*** SUPPLIED INFORMATION ***
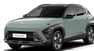
Mirage Green (RR0) / черная крыша
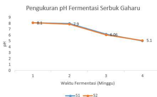
Gambar 2. Perubahan pH rata-rata selama proses fermentasi serbuk gaharu minggu ke-1, 2, 3 dan 4. Keterangan: S1: sampel pertama, S2: sampel kedua.

Selama proses fermentasi dilakukan pengamatan pH yang hasilnya menunjukkan bahwa terjadi perubahan derajat keasaman seiring dengan lamanya fermentasi. Kondisi pH rata-rata pada proses fermentasi ini adalah 8.1 (GF1), 7.9 (GF2), 6.1 (GF3) dan 5.1 (GF4) (Gambar 2). Penurunan pH sampai 5.1 tidak terjadi pada penelitian sebelumnya dengan praperlakuan microwave yang kisaran pHnya sekitar 7 pada minggu ke-3 dan ke-4. Ini menunjukkan bahwa penurunan pH disebabkan karena adanya aktivitas enzimatik dari Fusarium itu sendiri dalam perendaman serbuk gaharu. Fusarium sp membutuhkan energi untuk keberlangsungan hidupnya. Energi tersebut diperoleh dari carbon source yang ada pada serbuk gaharu dengan cara memetabolisme karbohidrat kompleks menghasilkan senyawa-senyawa lain yang bersifat asam seperti asam fumarat, asam sitrat, dan asam fusarat (Bacon et al., 1996; Farooq, 2015).
*** End of SUPPLIED INFORMATION ***
## TASK PROMPT
Starting from the first line of the listing above, write out every line exactly through the one containing "Gambar 2. Perubahan", and drop the pictures.

## RESULT OF THE TASK
Mirage Green (RR0) / черная крыша
Gambar 2. Perubahan pH rata-rata selama proses fermentasi serbuk gaharu minggu ke-1, 2, 3 dan 4. Keterangan: S1: sampel pertama, S2: sampel kedua.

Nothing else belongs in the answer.